Plongée dans un monde ou l’honnêteté, du moins en apparence, et la censure prime sur tout pour sauvegarder la paix au sein d’une population très cosmopolite, Ophélie va se métamorphoser et se trouver des ressources insoupçonnées. Privée de son écharpe, son doudou, et de son entourage habituel, elle intègre La Bonne Famille, un institut de formation. La vie y est dure et la compétition sans aucune pitié, mais c’est la seule solution pour découvrir l’ultime révélation cachée au cœur de Babel.

Elle s’affirme, découvre sa détermination, son courage. Elle devient une femme qui ne se laisse plus mener par les événements sans rien dire.

Le couple qu’elle forme avec Thorn est toujours aussi atypique. Ophélie est désemparée par sa conduite si distante. On se rend compte de ses doutes, de ses appréhensions. Pourtant, bien qu’il montre des tocs assez obsessionnels et semble encore plus froid et endurci suites aux épreuves subies au Pôle et lors de son intégration au Mémorial, il lui tend de subtiles et discrètes perches régulièrement dont elle ne se rend même pas compte.

Les autres personnages sont aussi très intéressants. Tous très différents bien que complémentaires, chacun d’eux permet de développer tôt ou tard un aspect de l’histoire, que ce soit une cruauté honnête si invisible parfois, les non-dits bien présents, …

Dans les nouveaux personnages qu’on découvre, le plus présent, et le plus intriguant aussi, est Victoire, la fille de Berenilde et Farouk. Elle ne marche pas, ne parle pas, mais a toute une vie intérieure et des pouvoirs encore bien mystérieux. Grâce à elle, nous avons des nouvelles des personnages que nous aimons et qui sont bien trop absents dans ce tome. Nous voyons à travers ses yeux à quel point Archibald a mûri par exemple, ou la métamorphose en mère aimante et ultra-protectrice de Berenilde.

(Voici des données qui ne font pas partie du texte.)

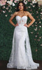 May Queen RQ7884: Have a blast in this fashionable evening gown. It showcases a fitted bodice with floral appliques, a plunging V-neckline with a mesh inset, an open back, and a sheath silhouette with a thigh-high leg slit and a dramatic sweep train.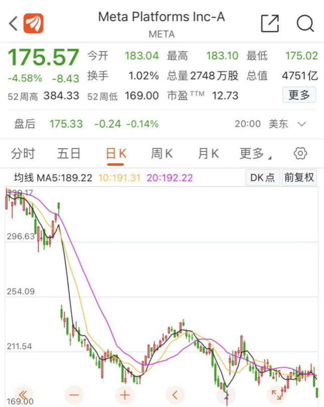 叠加主营广告业务也出现增长疲态,这使得Meta公司股价重挫。今年2月份,受到2021年第四季度业绩报告中的疲软业绩指引影响,Meta股价暴跌超20%,此后,在美联储收紧货币政策的大环境影响下,公司股价继续下跌。与年初相比,Meta目前股价已接近腰斩。截至最新交易日,报175.57美元/股,总市值为4751.49亿美元(约合人民币3.19万亿元)。

J’adorerai retrouver dans la suite Octavio, Ambroise, Elisabeth… en plus des autres. Ils sont attachants et promettent de belles choses au fur et à mesure du récit. Un ennemi n’est pas forcément la personne à redouter le plus…

Dans son style fluide, soigné, et si prenant, l’auteur nous replonge immédiatement dans l’intrigue. Elle nous emporte et ne nous lâche pas une seule seconde du début à la fin. Thorn en Sir Henry a été une surprise totale par exemple.

Elle nous apprend ce qui est arrivé aux différents personnages, et répond petit à petit à certaines interrogations, tout en laissant plein de questions sans réponses et de mystères à découvrir.

La découverte du monde de Babel est surprenante. Elle permet aussi de se rendre compte de tout ce qu’on ignore encore sur l’ensemble de cet univers à la fois riche, vaste, complexe, et si cohérent dans les plus petits détails.

Il y a énormément de révélations sur les esprits de famille, le nombre et l’organisation des arches, assez semblables au fonds bien que si distinctes en apparence, mais aussi sur l’histoire et les motivations de ce fameux Dieu, sans compter tout le reste des indices distillés l’air de rien.

Je me demande comment elle va bien pouvoir clore la série de manière satisfaisante dans le dernier tome en répondant à toutes les questions vu la complexité du fil rouge sans dépasser les 1000 pages au lieu des 500 habituelles … La fin est si horrible et frustrante.